Gift Leremi

Personal information
- Full name: Mpho Gift Leremi
- Date of birth: 13 October 1984
- Place of birth: Soweto, South Africa
- Date of death: 3 September 2007 (aged 22)
- Place of death: Alberton, South Africa
- Height: 1.75 m (5 ft 9 in)
- Position(s): Midfielder

Youth career
- Sprinters Development Soccer Academy
- Orlando Pirates

Senior career*
- Years: Team / Apps / (Gls)
- 2002–2007: Orlando Pirates / 70 / (15)
- 2007: Mamelodi Sundowns / 2 / (1)

International career^{‡}
- 2001–2004: South Africa U23 / 21 / (0)
- 2004–2005: South Africa / 4 / (0)

= Gift Leremi =

South African soccer player

Mpho Gift Leremi (13 October 1984 – 3 September 2007) was a South African football midfielder who last played for Mamelodi Sundowns in the Premier Soccer League, and South Africa. Leremi died in a car crash on 3 September 2007 near Johannesburg, South Africa.

==Career==
Leremi was an offensive midfielder who began his career with the youth club Pimville Giants in Soweto, where he was born, and discovered by Orlando Pirates in 1999 at a local soccer tournament. Upon joining the Pirates development team, Augusto Palacios, the Pirates youth director, immediately recognized the talent in the player and took him under his wing.

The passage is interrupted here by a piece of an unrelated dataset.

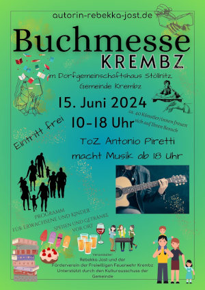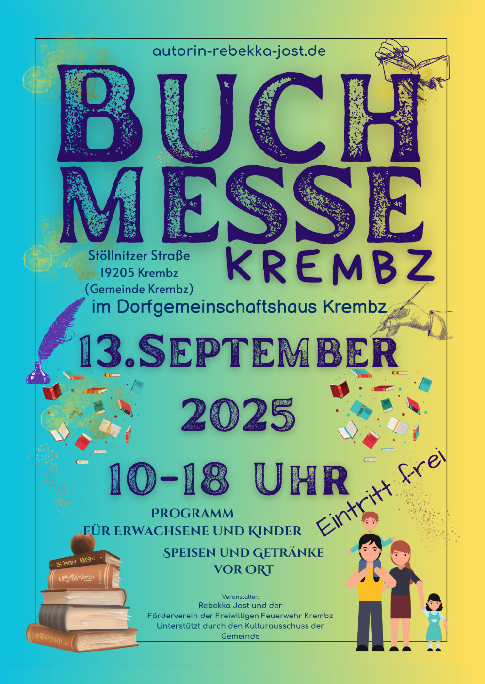 Buchmesse in Krembz am 13. September 2025 Rebekka Jost und der Förderverein der Freiwilligen Feuerwehr Krembz, unterstützt durch den Kulturausschuss der Gemeinde Krembz veranstalten am 13. September 2025, 10 –18 Uhr die Buchmesse Krembz, im Dorfgemeinschaftshaus, Stöllnitzer Straße, 19205 Krembz. Neben ca. 35 Autor:innen erwarten Sie ein buntes Programm für Erwachsene und Kinder und natürlich auch Speis und Trank.

Leremi made his debut for Orlando Pirates in 2002–03 season of the Premier Soccer League on 10 August 2002 against Moroka Swallows, winning the league title in his debut season.

In the summer of 2007 he moved to the then Premier Soccer League champions Mamelodi Sundowns.

==Death==
On 3 September 2007, Leremi was returning home after a CAF Confederation Cup game in Cameroon against Astres FC when he was involved in a traffic collision in Alberton outside Johannesburg. He sustained massive injuries and ultimately died as a result of the accident.